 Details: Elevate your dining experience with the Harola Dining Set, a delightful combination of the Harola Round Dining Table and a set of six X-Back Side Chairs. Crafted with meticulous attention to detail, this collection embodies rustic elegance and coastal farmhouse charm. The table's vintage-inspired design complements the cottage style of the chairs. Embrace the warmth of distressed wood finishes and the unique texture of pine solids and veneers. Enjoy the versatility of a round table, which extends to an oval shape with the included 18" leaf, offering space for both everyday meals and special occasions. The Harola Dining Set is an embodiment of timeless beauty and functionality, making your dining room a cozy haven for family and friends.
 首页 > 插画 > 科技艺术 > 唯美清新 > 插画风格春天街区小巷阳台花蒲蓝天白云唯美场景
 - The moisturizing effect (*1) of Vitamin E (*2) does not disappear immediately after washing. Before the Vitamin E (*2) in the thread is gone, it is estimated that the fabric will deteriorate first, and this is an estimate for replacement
==
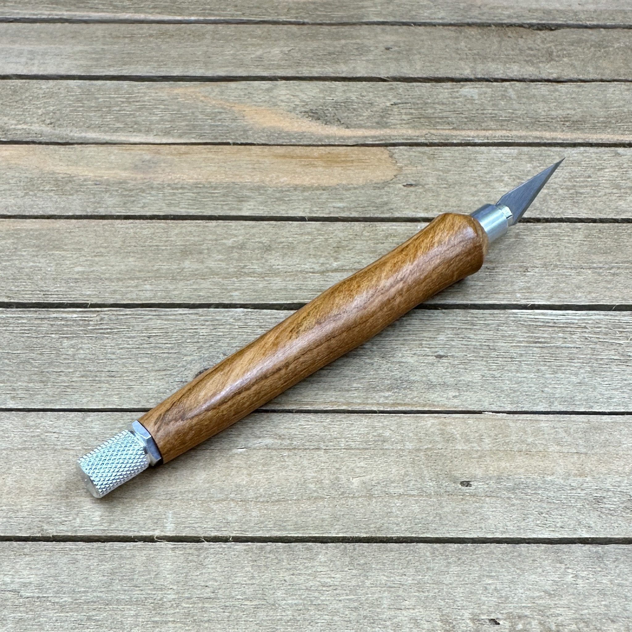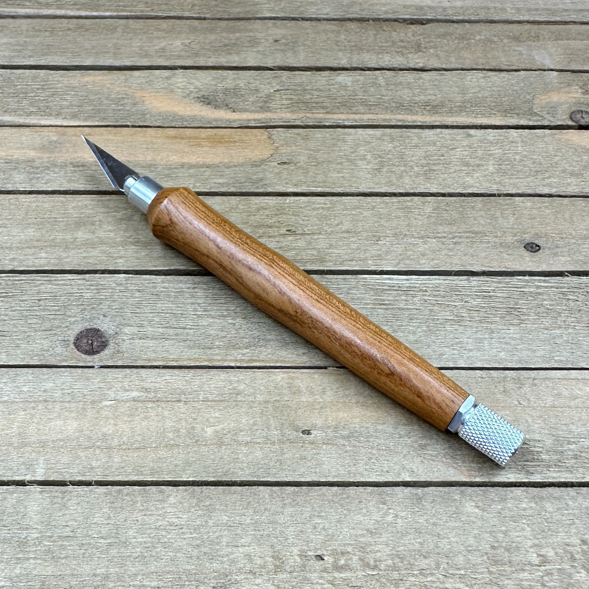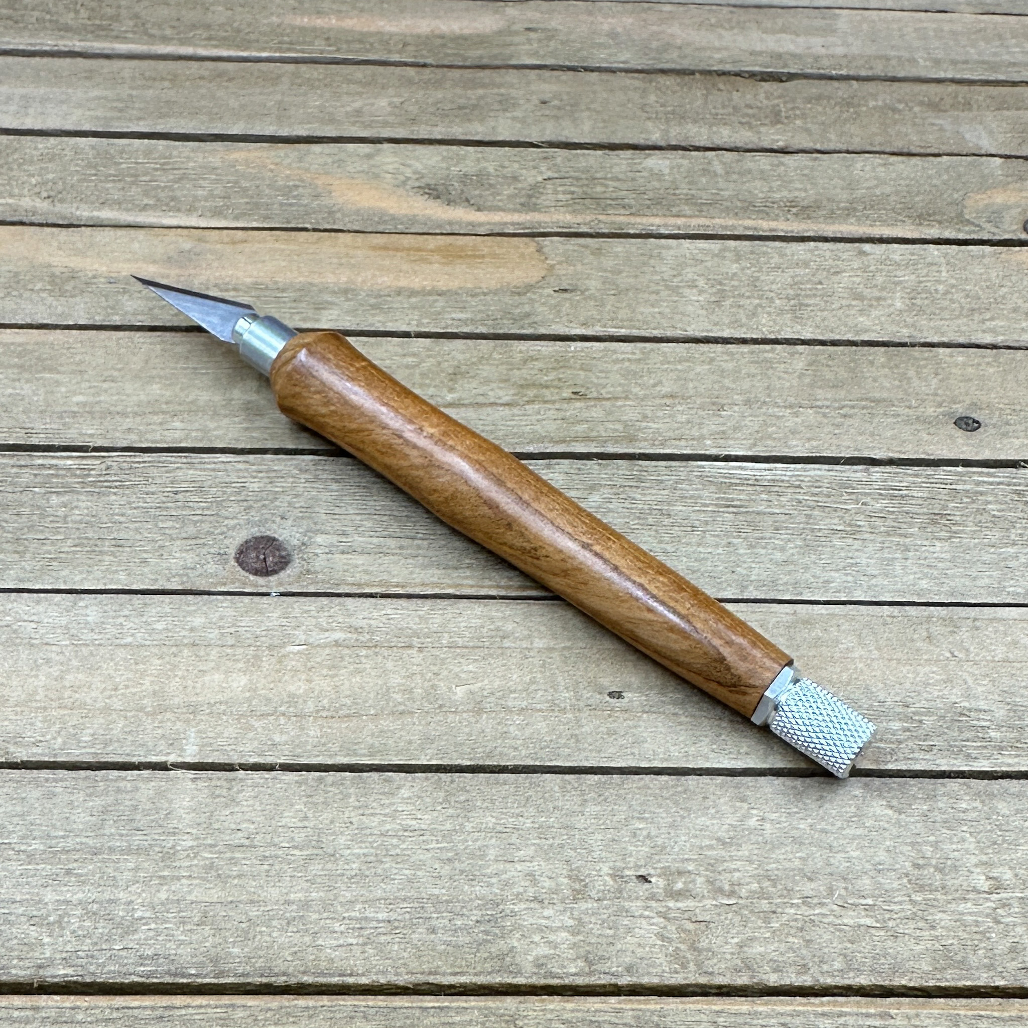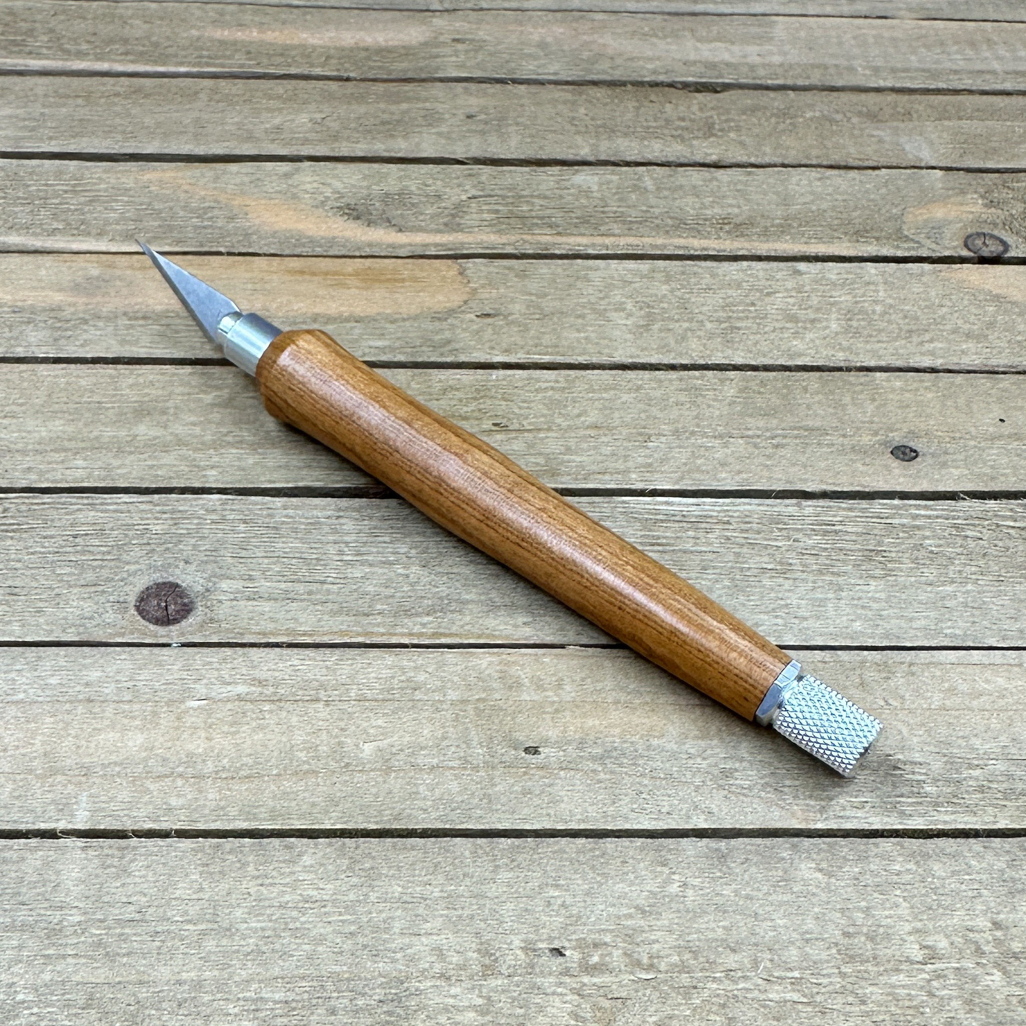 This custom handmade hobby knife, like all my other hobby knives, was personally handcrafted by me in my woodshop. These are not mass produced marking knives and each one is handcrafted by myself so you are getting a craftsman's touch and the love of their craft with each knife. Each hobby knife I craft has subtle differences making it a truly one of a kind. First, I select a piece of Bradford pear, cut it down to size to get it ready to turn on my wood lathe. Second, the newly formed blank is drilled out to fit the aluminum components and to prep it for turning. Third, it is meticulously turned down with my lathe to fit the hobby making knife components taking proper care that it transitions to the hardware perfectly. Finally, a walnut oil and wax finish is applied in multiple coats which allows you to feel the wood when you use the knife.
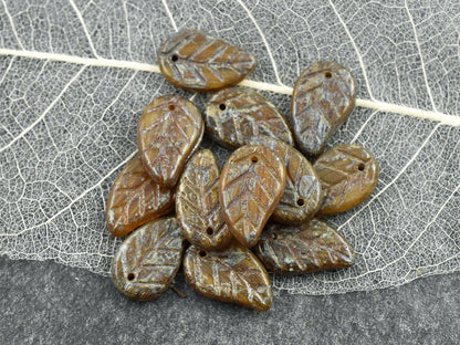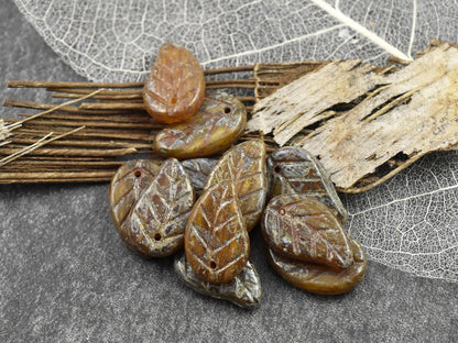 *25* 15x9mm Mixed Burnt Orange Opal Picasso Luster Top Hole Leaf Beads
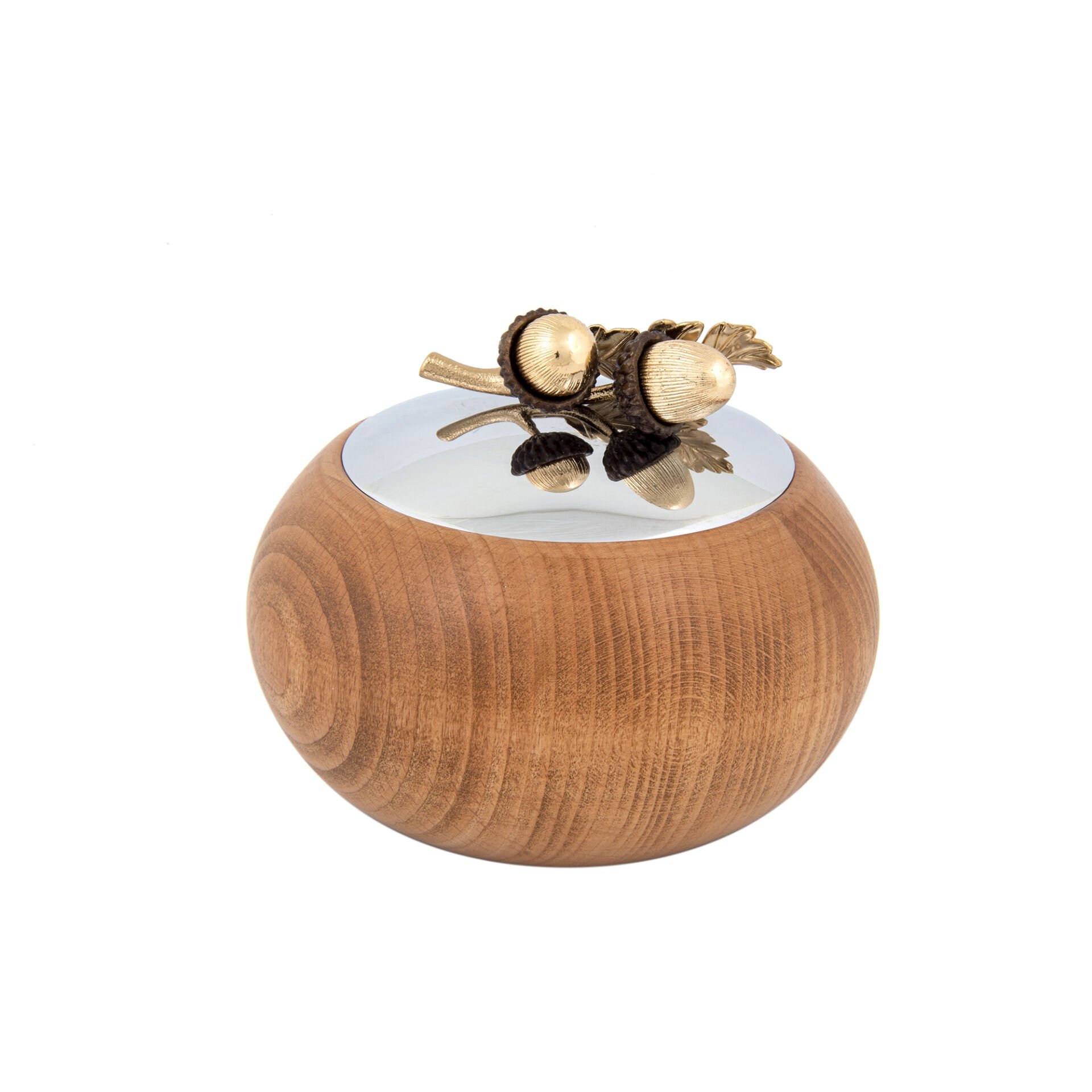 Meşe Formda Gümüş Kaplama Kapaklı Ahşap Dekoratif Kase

Task goal: Reproduce word for word the material above, starting with the line that has "首页 > 插画 > 科技艺术" and stopping after the line that has "- The moisturizing".

Your response:
 首页 > 插画 > 科技艺术 > 唯美清新 > 插画风格春天街区小巷阳台花蒲蓝天白云唯美场景
 - The moisturizing effect (*1) of Vitamin E (*2) does not disappear immediately after washing. Before the Vitamin E (*2) in the thread is gone, it is estimated that the fabric will deteriorate first, and this is an estimate for replacement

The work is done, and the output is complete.